◆ Task item: Everything in the data that follows should be given again verbatim, except the images.

Segment Start: Data section

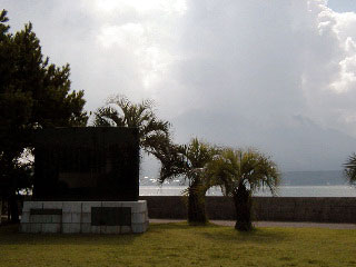さて、『我は海の子』の歌碑ですが、錦江湾に臨む鹿児島市の祇園之洲公園の南端に建てられています。碑の背後には桜島が雄大な姿を見せており、碑を眺めていると気宇壮大になってきます。近くには、ザビエル上陸記念碑や薩英戦争の砲台跡などもありますので、ご興味のある方は是非こちらもご覧になって下さい。
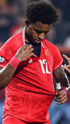Áo của tiền đạo Xuân Son bị rách toạc sau pha va chạm ở trận bán kết 2 AFF cúp tối 29/12 trên sân Việt Trì.
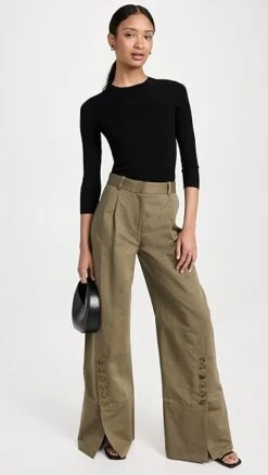 - Wide-leg silhouette

Segment End: Data section

◆ Response box:
さて、『我は海の子』の歌碑ですが、錦江湾に臨む鹿児島市の祇園之洲公園の南端に建てられています。碑の背後には桜島が雄大な姿を見せており、碑を眺めていると気宇壮大になってきます。近くには、ザビエル上陸記念碑や薩英戦争の砲台跡などもありますので、ご興味のある方は是非こちらもご覧になって下さい。
Áo của tiền đạo Xuân Son bị rách toạc sau pha va chạm ở trận bán kết 2 AFF cúp tối 29/12 trên sân Việt Trì.
 - Wide-leg silhouette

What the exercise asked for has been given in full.